*** Begin section ***
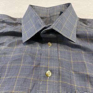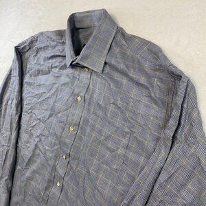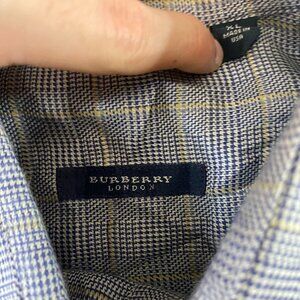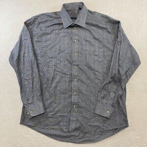 Burberry London Dress Shirt Mens XL Nova Check Plaid Houndstooth Button Up Gray
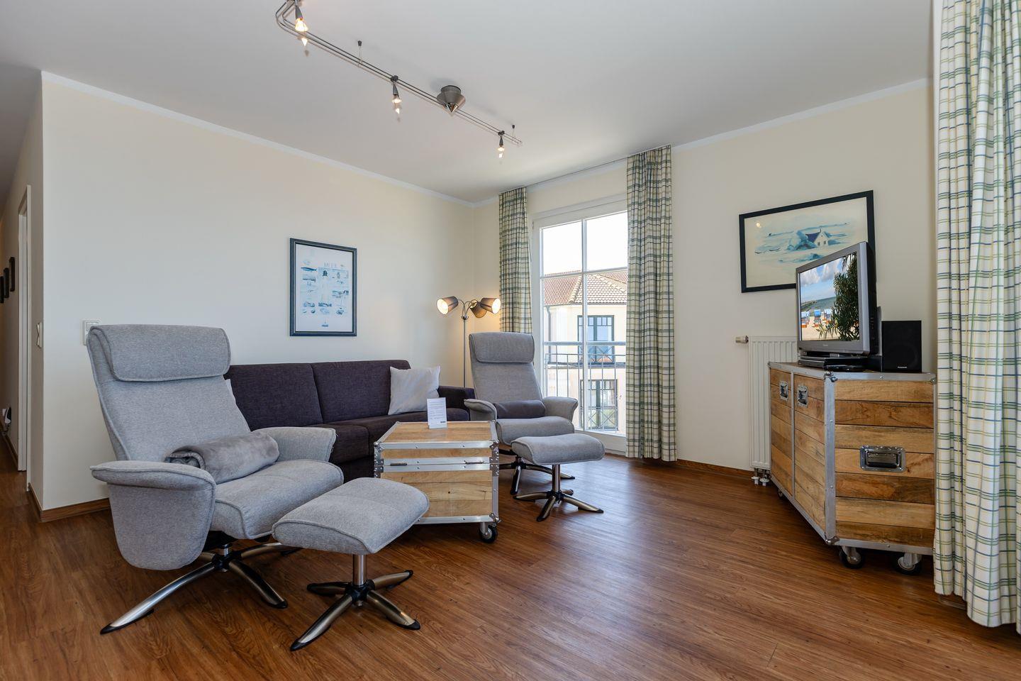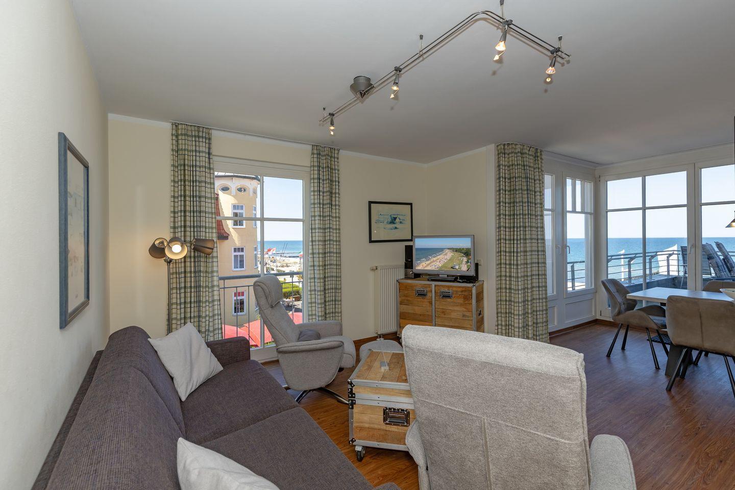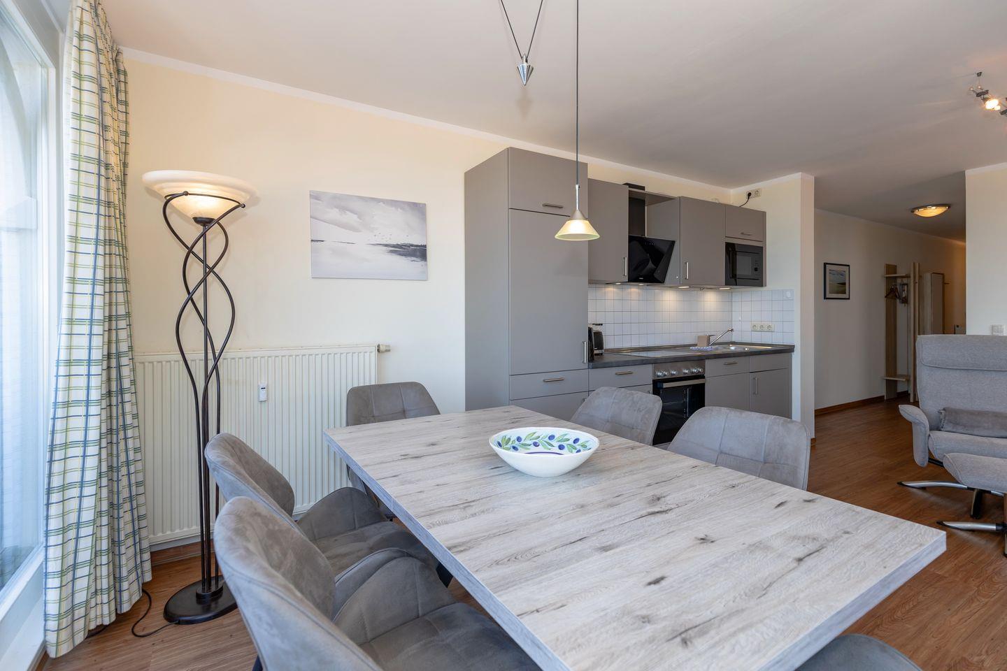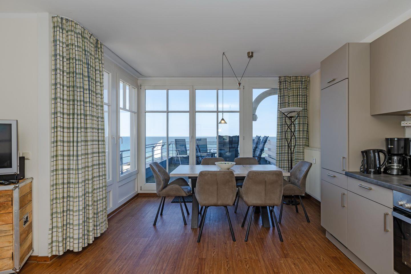 Das 70 m² große 3-Zimmer-Apartment ist für bis zu 6 Personen geeignet. Besonders hervorzuheben ist die direkte Strandlage der Apartmentanlage und der großzügige nach Norden gelegene Balkon mit Blick auf die Ostsee.
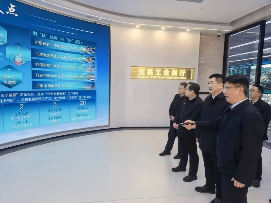 宜昌工业展厅,朱万奎认真听取地方经信部门关于全市产业布局、科技创新、项目投资、龙头企业培育等情况介绍,勉励宜昌持续发挥优势,深化科技创新与产业创新,加快重点项目建设,培育壮大链主企业,做大做强磷化工、新能源新材料、高端生物制造等优势产业,为全省做大做强“51020”先进制造业产业集群贡献更大力量。
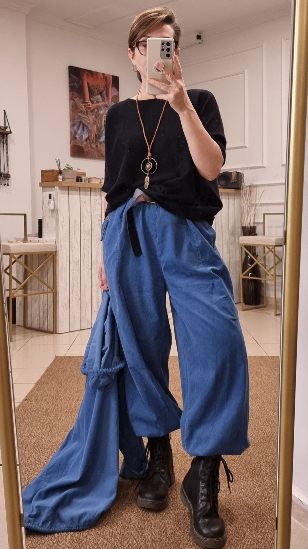 Bu mavi büyük beden pantolon, kadınlara özel olarak tasarlanmıştır ve yumuşak dokusuyla günlük şıklık sunar. Kadife pantolon rahatlığı, beli lastikli yapısı ve oversize kesimi ile konforlu bir kullanım sağlar. Geniş beden aralığı sayesinde her vücut tipine uyumlu olan bu pantolon, modern tasarımıyla tarzınıza sofistike bir dokunuş katacak.
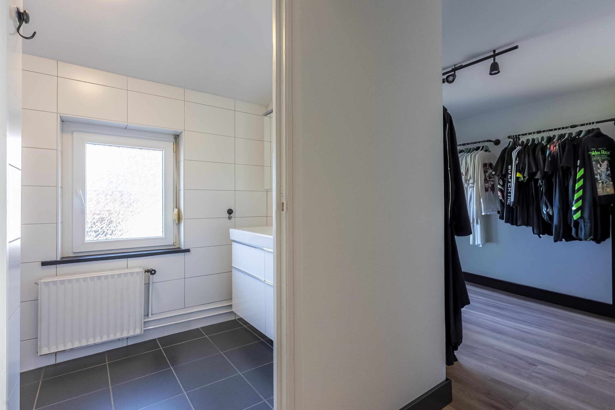 De slaapkamer aan de achterzijde beschikt over airconditioning en een doorloop naar een inloopkast, die desgewenst ook als derde slaapkamer kan worden ingericht. De geheel betegelde, tijdloze badkamer is voorzien van een inloopdouche, dubbele wastafel met bijpassend badmeubel, spiegelkast, radiator en een raam voor natuurlijke ventilatie en daglicht.
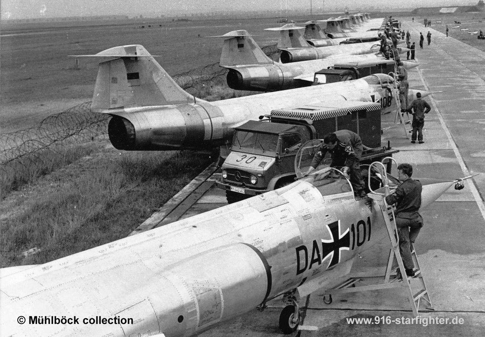 F-104G DA+101 JaboG 31 commissioned as the first operational Starfighter wing on June 20, 1962 F-104G, construction number 683D-8004, company model 683-10-19, built by Fokker manufactured by North Group (ARGE-Nord); assembled with Lockheed produced parts; coded KG+104 first flight April 6, 1962 at Fokker-Schiphol acceptance date May 14, 1962 in Fighterbomber version by BABwFokker (RNAF-MTA) DA+101 JaboG 31 "Boelcke" at Norvenich AB delivery date on May 17, 1962 in Silver-finish colors DR+111 LPR 1 at Erding on March 11, 1963 for upgrading according project "Balance" (system upgrading to higher modification level) coded DR+111 stored on March 18, 1964; to Messerschmitt on December 14, 1964 for modifications DA+250 JaboG 31 "Boelcke" on July 12, 1965; LPR 1 camouflage scheme "Norm 62" according tech order "TA-196" in June 1966; JaboG 31 on October 27, 1966 23+29 IRAN at SABCA on June 21, 1968 with 654 flight hours, back to JaboG 31 on January 22, 1969 in June 1974 on loan at Decimomannu AB; back to JaboG 31 on December 8, 1975 withdrawn from use and stored in airworthy condition as attrition reserve aircraft at LwSchleuse 11 on February 2, 1983 with 2.834 flight hours struck off charge order (AVA) May 29, 1984MAP (Military Assistance Program) to Turkey on July 5, 1984 coded "6-004" (62-8004); 1984 coded "6-004" with 6.AJU at Bandirma AB withdrawn from use and stored on April 21, 1989 at Eskisehir AB (1.Air Supply and Maintenance Center); CFE cut-up on August 4, 1995; scrapped. Project "Balance": upgrade 19 F-104G with retrofit kits at LPR 1 at Erding AB and received DR+xxx codes with their old three-digit squadron numbers. After the upgrade, these aircrafts either returned to their squadrons or directly to Manching for disassembly for the Columbus program. copyright © Mühlböck collection
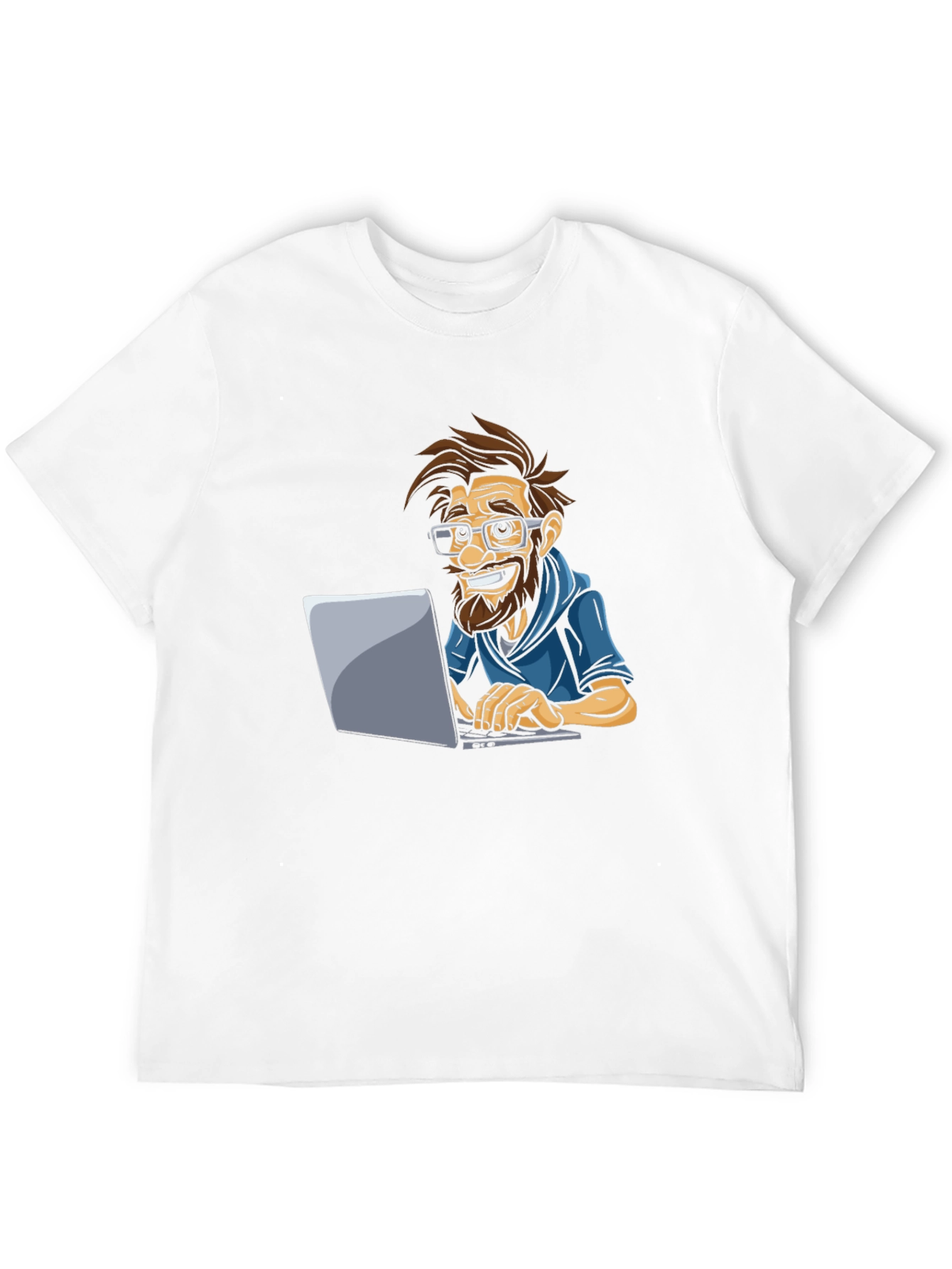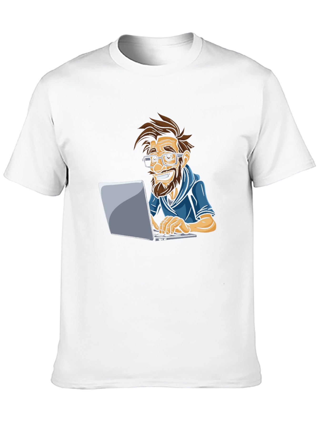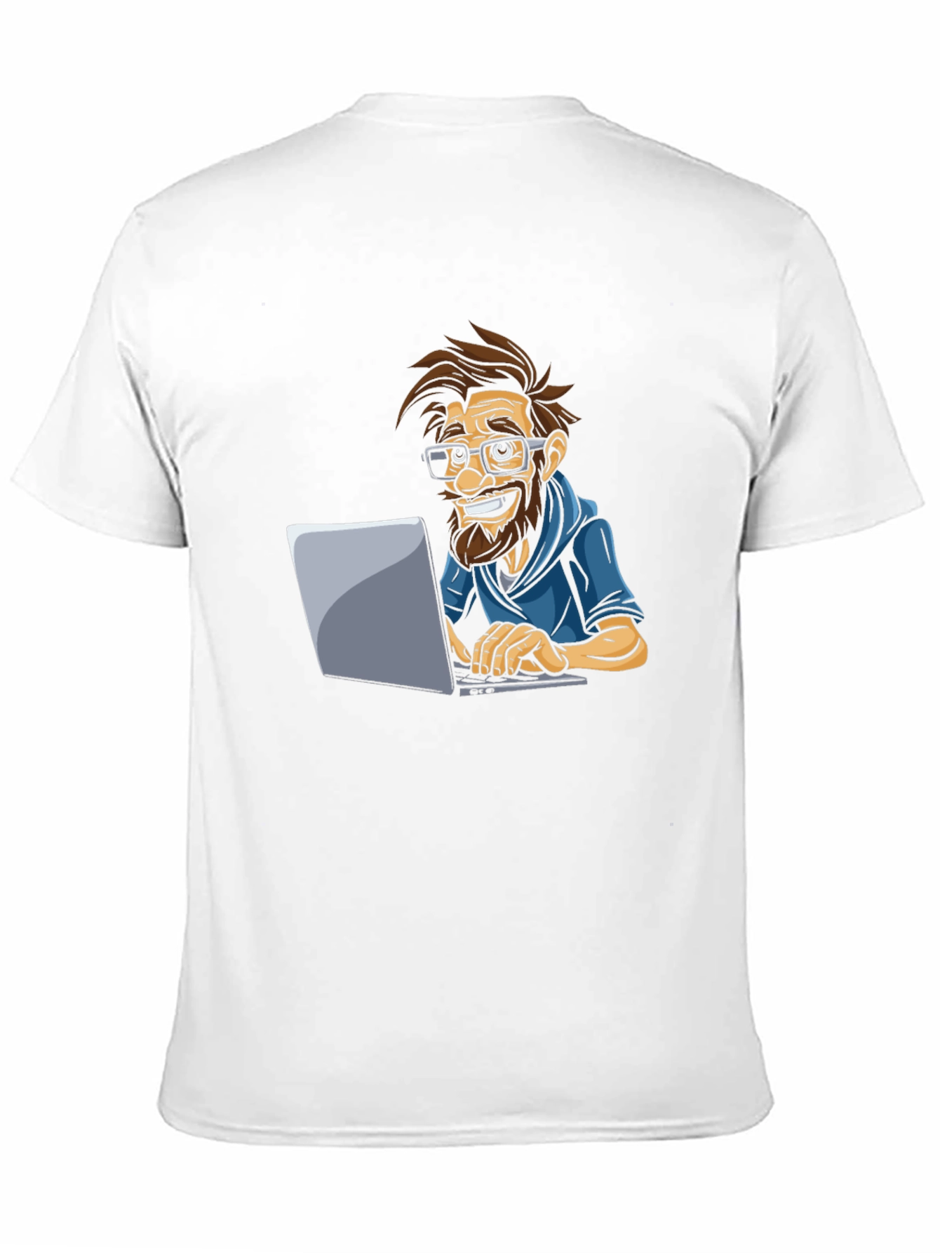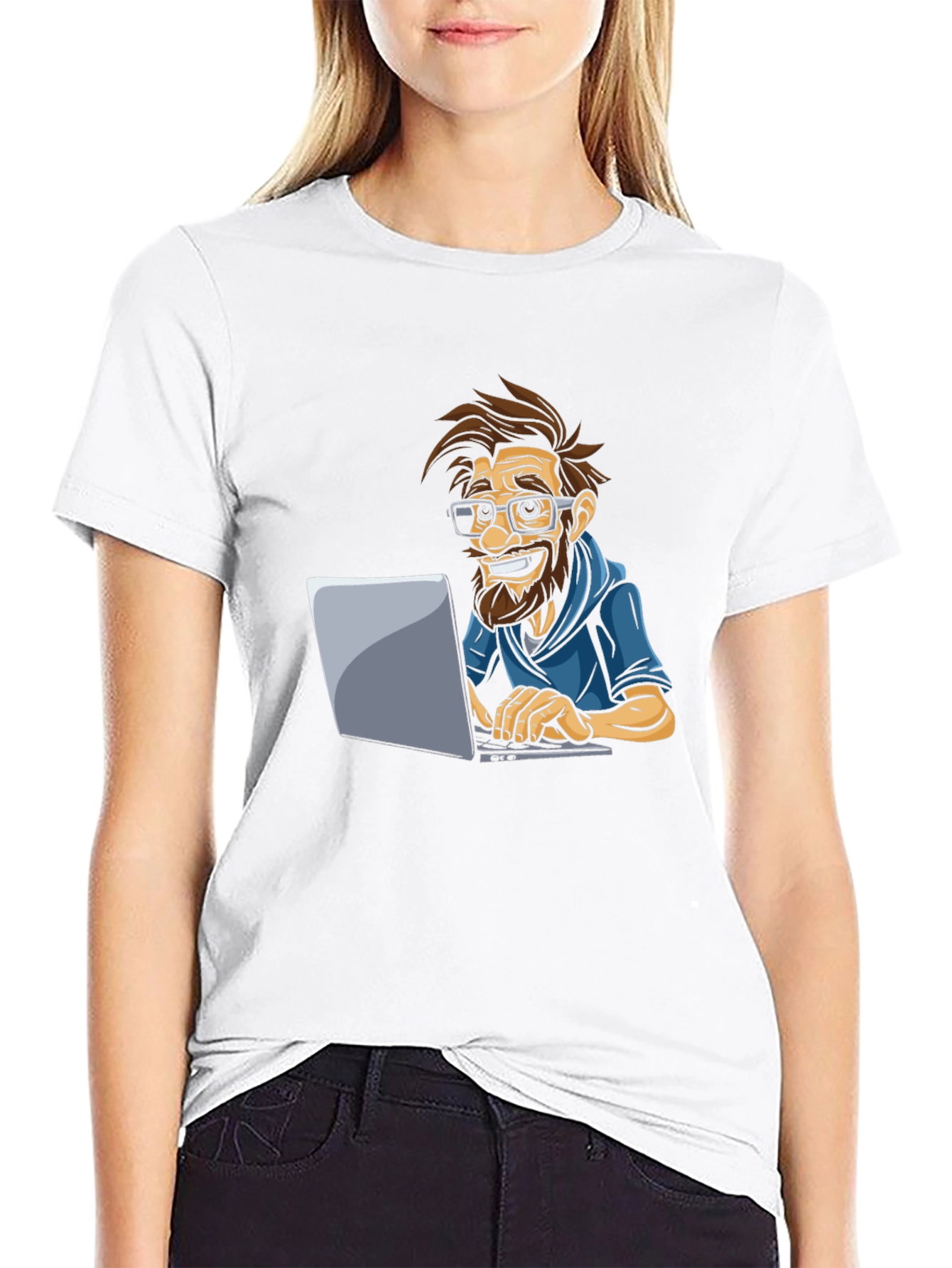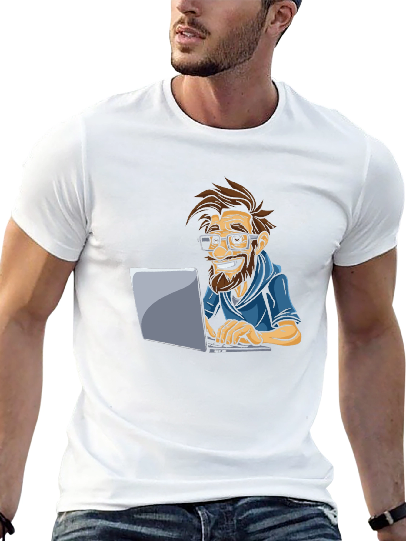 Luce esta camiseta negra con un diseño único y divertido. Presenta un personaje animado, un programador con barba y gafas, trabajando en su laptop. Ideal para los amantes de la tecnología y la programación. Perfecta para un look casual y original, esta camiseta destaca por su estilo llamativo y moderno. Su color negro facilita la combinación con cualquier outfit. Fabricada con materiales cómodos y duraderos, es una prenda esencial para tu guardarropa. ¡Muestra tu pasión por la informática con esta camiseta de diseño exclusivo!
*** End section ***
- EXERCISE DIRECTIONS
Transcribe all the data word for word; the images stay out.

- EXPECTED OUTPUT
 Burberry London Dress Shirt Mens XL Nova Check Plaid Houndstooth Button Up Gray
 Das 70 m² große 3-Zimmer-Apartment ist für bis zu 6 Personen geeignet. Besonders hervorzuheben ist die direkte Strandlage der Apartmentanlage und der großzügige nach Norden gelegene Balkon mit Blick auf die Ostsee.
 宜昌工业展厅,朱万奎认真听取地方经信部门关于全市产业布局、科技创新、项目投资、龙头企业培育等情况介绍,勉励宜昌持续发挥优势,深化科技创新与产业创新,加快重点项目建设,培育壮大链主企业,做大做强磷化工、新能源新材料、高端生物制造等优势产业,为全省做大做强“51020”先进制造业产业集群贡献更大力量。
 Bu mavi büyük beden pantolon, kadınlara özel olarak tasarlanmıştır ve yumuşak dokusuyla günlük şıklık sunar. Kadife pantolon rahatlığı, beli lastikli yapısı ve oversize kesimi ile konforlu bir kullanım sağlar. Geniş beden aralığı sayesinde her vücut tipine uyumlu olan bu pantolon, modern tasarımıyla tarzınıza sofistike bir dokunuş katacak.
 De slaapkamer aan de achterzijde beschikt over airconditioning en een doorloop naar een inloopkast, die desgewenst ook als derde slaapkamer kan worden ingericht. De geheel betegelde, tijdloze badkamer is voorzien van een inloopdouche, dubbele wastafel met bijpassend badmeubel, spiegelkast, radiator en een raam voor natuurlijke ventilatie en daglicht.
 F-104G DA+101 JaboG 31 commissioned as the first operational Starfighter wing on June 20, 1962 F-104G, construction number 683D-8004, company model 683-10-19, built by Fokker manufactured by North Group (ARGE-Nord); assembled with Lockheed produced parts; coded KG+104 first flight April 6, 1962 at Fokker-Schiphol acceptance date May 14, 1962 in Fighterbomber version by BABwFokker (RNAF-MTA) DA+101 JaboG 31 "Boelcke" at Norvenich AB delivery date on May 17, 1962 in Silver-finish colors DR+111 LPR 1 at Erding on March 11, 1963 for upgrading according project "Balance" (system upgrading to higher modification level) coded DR+111 stored on March 18, 1964; to Messerschmitt on December 14, 1964 for modifications DA+250 JaboG 31 "Boelcke" on July 12, 1965; LPR 1 camouflage scheme "Norm 62" according tech order "TA-196" in June 1966; JaboG 31 on October 27, 1966 23+29 IRAN at SABCA on June 21, 1968 with 654 flight hours, back to JaboG 31 on January 22, 1969 in June 1974 on loan at Decimomannu AB; back to JaboG 31 on December 8, 1975 withdrawn from use and stored in airworthy condition as attrition reserve aircraft at LwSchleuse 11 on February 2, 1983 with 2.834 flight hours struck off charge order (AVA) May 29, 1984MAP (Military Assistance Program) to Turkey on July 5, 1984 coded "6-004" (62-8004); 1984 coded "6-004" with 6.AJU at Bandirma AB withdrawn from use and stored on April 21, 1989 at Eskisehir AB (1.Air Supply and Maintenance Center); CFE cut-up on August 4, 1995; scrapped. Project "Balance": upgrade 19 F-104G with retrofit kits at LPR 1 at Erding AB and received DR+xxx codes with their old three-digit squadron numbers. After the upgrade, these aircrafts either returned to their squadrons or directly to Manching for disassembly for the Columbus program. copyright © Mühlböck collection
 Luce esta camiseta negra con un diseño único y divertido. Presenta un personaje animado, un programador con barba y gafas, trabajando en su laptop. Ideal para los amantes de la tecnología y la programación. Perfecta para un look casual y original, esta camiseta destaca por su estilo llamativo y moderno. Su color negro facilita la combinación con cualquier outfit. Fabricada con materiales cómodos y duraderos, es una prenda esencial para tu guardarropa. ¡Muestra tu pasión por la informática con esta camiseta de diseño exclusivo!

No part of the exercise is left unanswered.